Home » Benessere personale » Esperienze: ciò che conta nella vita

Esperienze: ciò che conta nella vita

Esperienze: ciò che conta nella vita - Il medico comunica

C’è una frase che ripeto spesso e che in questi giorni incontro frequentemente. Ho già scritto in merito, ma forse … repetita juvant

Ciò che conta, nella vita, non è ciò che accade o le esperienze che fai, ma cosa impari da ciò che accade e come usi le esperienze che fai”.

Probabilmente chi mi segue ha già letto questa frase, o una molto simile: lo dico e lo scrivo spesso perché la trovo una grande verità che cambia, davvero, la vita.

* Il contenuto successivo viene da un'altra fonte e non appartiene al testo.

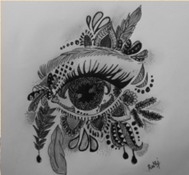
Sowmia Rathi 24PGM034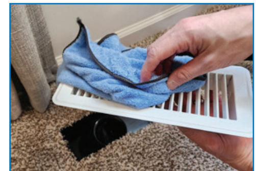
Clean the floor diffuser, and reinstall by dropping it into position, no fasteners are required.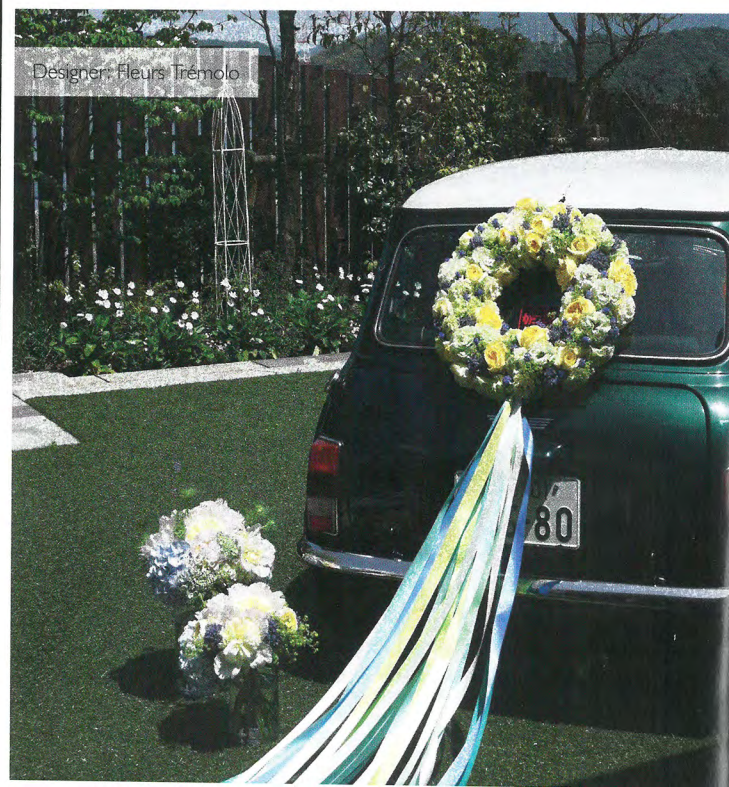
Designer: Fleurs Trémolo

In keeping with his fashion-forward design aesthetic, Hiroshima, Japan-based designer Yukinobu Fujino of Fleurs Trémolo pushed the traditional getaway car wreath in a new direction by adding long, trailing ribbons and having the wreath appear to float on the rear window of a Classic MINI Cooper. Yukinobu covered the floral-foam wreath with roses, Eustoma and Muscari before suspending it with transparent nylon threads anchored to the front bumper to achieve the floating illusion.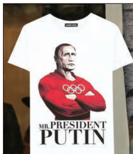
Ah, 2014—when corruption still worked

But setting aside the fact the Russians clearly deserve this punishment, we have to admit that the larger issue is one of don't hate the player, hate the game. What major sports body isn't full of cheaters and corruption? Two years ago, international soccer honcho Sepp Blatter and other FIFA authorities were brought up on racketeering, wire fraud, and money-laundering charges by U.S. authorities. Domestically, hardly a week goes by in which we're not talking about player conduct or corporate backstabbing in the NFL. In 2007, an NBA referee was caught in a gambling scandal. MLB has kept its

Stamattina ho trovato la stessa frase su FB come citazione da un testo di Otto Scharmer riportata da un amico che sta traducendo in italiano uno degli ultimi testi. Otto Scharmer è “un grande”, un economista docente al MIT (Massachusetts Institute of Technology), fondatore del Presencing Institute, ed è uno di quelli che sta rivoluzionando il mondo del management, partendo dal concetto che per avere un mondo migliore, aziende più produttive, manager vincenti, bisogna costruire persone più umane e felici: una totale rivoluzione dei paradigmi del business da squali che, purtroppo, ancora impera.

Ecco dunque che ho deciso di parlarvi ancora dell’argomento: ciò che conta nella vita non è ciò che accade, ma come usi l’esperienza che fai.

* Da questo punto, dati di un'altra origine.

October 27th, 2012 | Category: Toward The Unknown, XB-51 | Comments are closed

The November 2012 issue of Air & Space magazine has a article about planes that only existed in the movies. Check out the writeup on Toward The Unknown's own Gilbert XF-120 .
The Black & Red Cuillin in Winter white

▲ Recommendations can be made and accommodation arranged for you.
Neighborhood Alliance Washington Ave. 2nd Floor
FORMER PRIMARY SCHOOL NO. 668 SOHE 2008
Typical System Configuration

I vantaggi di questo cambio di atteggiamento (mentale) sono numerosiPrima di tutto ci si avvicina, di molto, a quel pensiero positivo di cui tutti parlano, ma pochi mettono davvero in pratica.

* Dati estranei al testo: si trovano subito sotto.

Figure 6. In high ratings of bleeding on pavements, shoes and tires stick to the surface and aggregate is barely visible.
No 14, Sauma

Se è importante come usi l’esperienza significa che, a fronte di un accadimento apparentemente negativo, invece di farsi annichilire da ciò che accade ci si impegna a fondo per trarne insegnamenti o vederne le opportunità intrinseche: si chiude una porta e si apre un portone.

E poi costituisce un perfetto sistema per andare avanti, migliorare costantemente.

Per quanto mi riguarda il vantaggio maggiore che ne ho tratto è quello di non sentirmi mai impotente, e vi assicuro che non è cosa da poco.

Per qualcuno, invece, mette in atto un senso religioso di collegamento con Dio: l’esperienza diventa un segnale del divino, o dello spirito guida, che indirizza verso ciò che dobbiamo sperimentare e apprendere per la nostra evoluzione personale e spirituale.

Quando entriamo nell’ordine di idee di usare appieno le esperienze, la vita cambia decisamente, e in meglio. Perché non provare?